- Born: c.1487
- Died: 12 November 1529
- Spouses: Elizabeth Northwood Anne (surname unknown) Anne Jerningham
- Issue: William Barley Anthony Barley Anne Barley Margaret Barley Elizabeth Barley
- Father: William Barley
- Mother: Elizabeth Darcy

= Henry Barley =

16th-century English politician

Henry Barley or Barlee (1487 – 12 November 1529), of Albury, Hertfordshire, was a Member of Parliament during the Tudor period.

==Family==
Henry Barley, born about 1487, was the son of William Barley (1451–1521) of Albury, Hertfordshire, and Elizabeth Darcy (died 1520), the daughter of Sir Robert Darcy of Danbury, Essex. He had three sisters:

- Ann Barley (died after 1 Oct 1557), who married first Sir Robert Sheffield (ca. 1462-1518); secondly, Sir John Grey, who was the son of the 1st Marquis of Dorset; and lastly, Sir Richard Clement of Ightman Mote, Kent (d. 1538).
- Dorothy Barley (died 1557), the last Abbess of Barking Abbey.
- Elizabeth Barley, who married firstly, as his third wife, Sir Ralph Jocelyn (d. 25 October 1478), Lord Mayor of London in 1464 and 1476, and secondly Sir Robert Clifford (d. 15 March 1508), third son of Thomas Clifford, 8th Baron de Clifford. Sir Robert Clifford was a Knight of the Body and Master of the Ordnance to King Henry VII, and one of the earliest supporters of the pretender to the Crown, Perkin Warbeck. There is a canopied altar tomb with brasses to Elizabeth (née Barley) and her second husband, Sir Robert Clifford, in the parish church at Aspenden, Hertfordshire, and portraits of Elizabeth and both her husbands in the stained glass windows of Holy Trinity church, Long Melford, Suffolk.

==Career==
Although in 1495 Barley’s father, William, was attainted of treason for his support of Perkin Warbeck, and thereby forfeited his property to the Crown, he was pardoned three years later, and by 1501 was once again in possession of his lands, including the manors of Wicken, Elsenham, Albury, Wickhamstead and Moulsham.

Henry Barley was admitted to the Middle Temple on 3 February 1511. He served as a commissioner for goal delivery and for the subsidy in Hertfordshire, and served as a Justice of the Peace for the county from 1521 until his death.

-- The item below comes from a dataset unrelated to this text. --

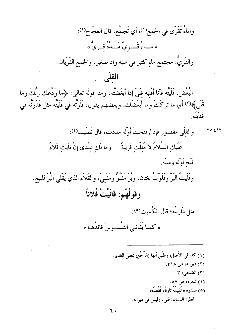 البُغض. قليته فأنا أقليه قلى إذا أبغضته، ومنه قوله تعالى: {مَا وَدَّعَكَ رَبُّكَ وَمَا قَلَى} أي ما تركك وما أبغضك. وبعضهم يقولأ: قلوته في قليته مثل قدوته في قديته.

He succeeded his father in 1522 and was appointed Sheriff and Hertfordshire for 1523–24. In 1529 he was elected to Parliament for Hertfordshire.

Barley died 12 November 1529. He left a will dated 20 October 1529 in which he requested burial beside his first wife, Elizabeth, in the parish church at Albury, and appointed his sister, Anne (née Barley), as one of his executors.

==Marriages and issue==
Barley married firstly, before 1517, Elizabeth Northwood, the daughter and coheir of John Northwood of Milton alias Middleton, Kent, by whom he had two sons and three daughters:

- William Barley, who married Joyce Perient, the daughter of Sir John Perient of Digswell, Hertfordshire, Auditor of the Court of Wards and Liveries.
- Anthony Barley, who died without issue.
- Anne Barley, who married Philip Gunter (died 1583), a member of the Worshipful Company of Skinners and an alderman of London.
- Margaret Barley.
- Elizabeth Barley (died 9 May 1592), who married her father's ward, Edward Leventhorpe (d. 22 December 1551) of Shingle Hall in Sawbridgeworth. There is a monument to Elizabeth (nér Barley) and her husband in the parish church at Sawbridgeworth.

He is said to have married secondly a wife named Anne about whom nothing further is known.

He married thirdly Anne (née Jerningham), the daughter of Sir Edward Jerningham (d. 6 January 1515) of Somerleyton, Suffolk, by Margaret Bedingfield (d. 24 March 1504). At the time of her marriage to Barley, Anne (née Jerningham) was the widow of Lord Edward Grey (d. before 1517), eldest son and heir of Thomas Grey, 1st Marquess of Dorset, and grandson of King Edward IV's wife, Elizabeth Woodville. According to the History of Parliament, Barley had one son and three daughters by Anne (née Jerningham); however according to Challen and Richardson, there were no issue of the marriage, and Barley's children were all his children by his first wife, Elizabeth.

After Barley's death, his widow, Anne (née Jerningham) married Sir Robert Drury, and after his death, Sir Edmund Walsingham. She died in 1559, having had no issue by any of her marriages.